Diagnostic Accuracy:
- AI Doctor: 89.3%
- GPT-5 Baseline: 84.6%
- Human GPs: ~83%
- Result: The specialized agent outperformed the raw LLM and matched human performance.
Differential Diagnosis & History Taking:
- AI Doctor showed significantly higher Differential Accuracy (45.4% vs. 24.0% for GPT-5) and Question Accuracy (61.4% vs. 30.3%), indicating superior ability to explore alternative hypotheses and gather necessary history.
Treatment Accuracy:
- AI Doctor: 53.0%
- GPT-5 Baseline: 38.0%
- Statistical Significance: Wilcoxon signed-rank test showed highly significant improvements ( $p < 0.001$ ) in treatment recommendations.
Dialogue Efficiency:
- AI Doctor engaged in significantly more extensive dialogues (Average 11.56 steps vs. 0.66 for GPT-5), reflecting a more thorough clinical interview.
- Despite longer dialogues, AI Doctor maintained better consistency in step counts (fewer cases outside the $\pm 25\%$ limit).
Comparison with Specialists:
- In a specific test with Obstetricians/Gynecologists, the AI Doctor (67.8% accuracy) outperformed the human specialists (56.5%) on discipline-specific cases, while GPT-5 scored 38.6%.

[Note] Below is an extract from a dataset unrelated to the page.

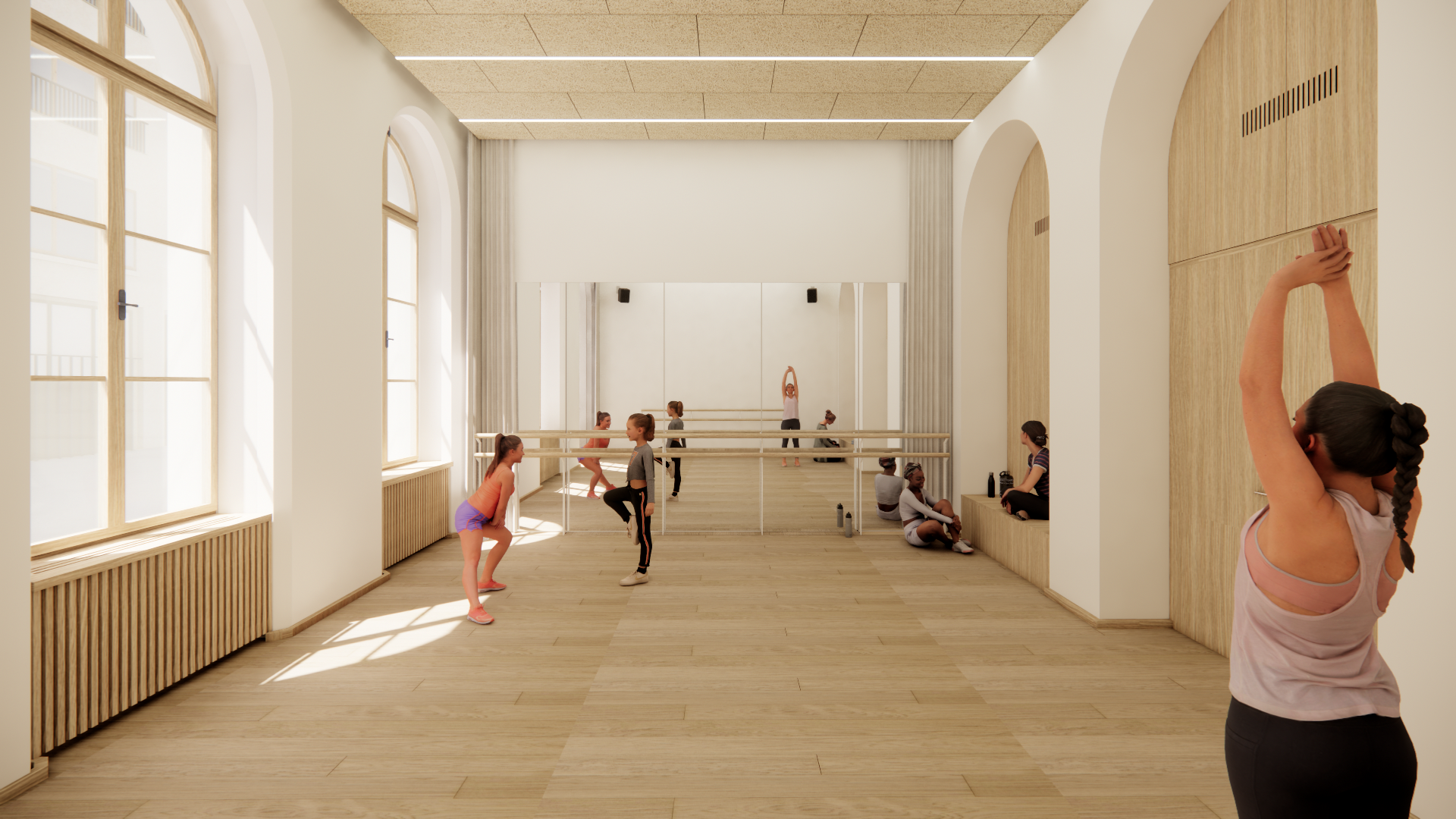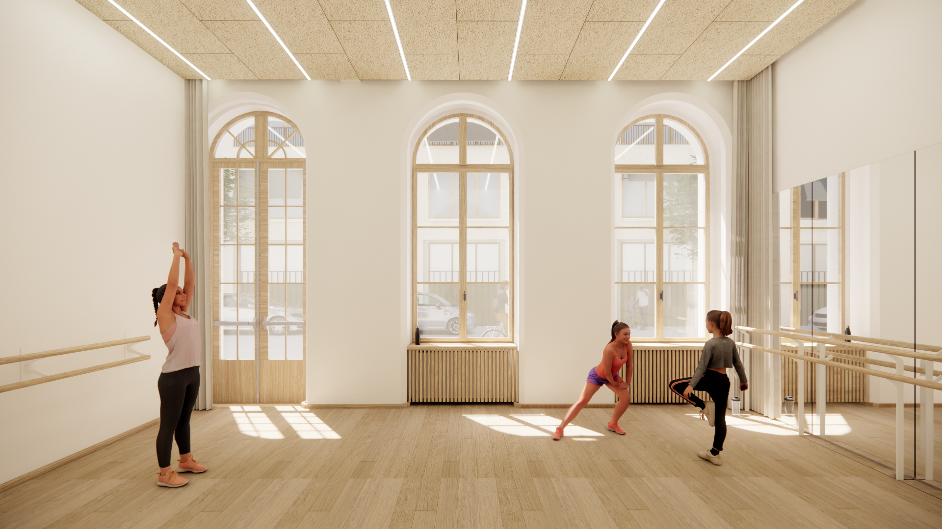 Le rez de chaussée est ainsi totalement transformé, transformant le hall d’entrée du Conservatoire, abritant deux nouvelles salles d’enseignement musical, ainsi qu’une nouvelle salle de danse, mettant en valeur les arches existantes, trace d’une extension précédente. Au premier étage, un pole de bureaux et espace de travail dédié à l’administration est créé. Enfin, au deuxième niveau, les vestiaires de la grande salle de danse sont intégralement repensés.

5. Significance and Conclusion

Rethinking Medical AI Benchmarks: The paper argues that high performance on standardized tests (like USMLE) is a poor predictor of real-world clinical competence. The "Doctor-Modeled" simulation reveals that base LLMs struggle with the iterative, incomplete-information nature of real consultations.
Safety First: The framework prioritizes safety through "trap cases" and critical condition overrides, ensuring that AI deployment does not introduce catastrophic medical errors.
Educational Value: The system serves as a tool for training medical students and junior doctors in clinical reasoning and history-taking, offering a standardized, scalable alternative to human-led simulations.
Future Outlook: The authors conclude that the future of medical AI evaluation lies in interactive, agent-based simulations that mimic the dynamic, multi-step nature of human clinical practice, rather than static knowledge retrieval.

In summary, Doctorina MedBench provides a rigorous, safety-centric, and realistic evaluation framework that demonstrates the necessity of specialized architectural designs (multi-agent orchestration, structured prompting) to bridge the gap between raw LLM capabilities and safe, effective clinical application.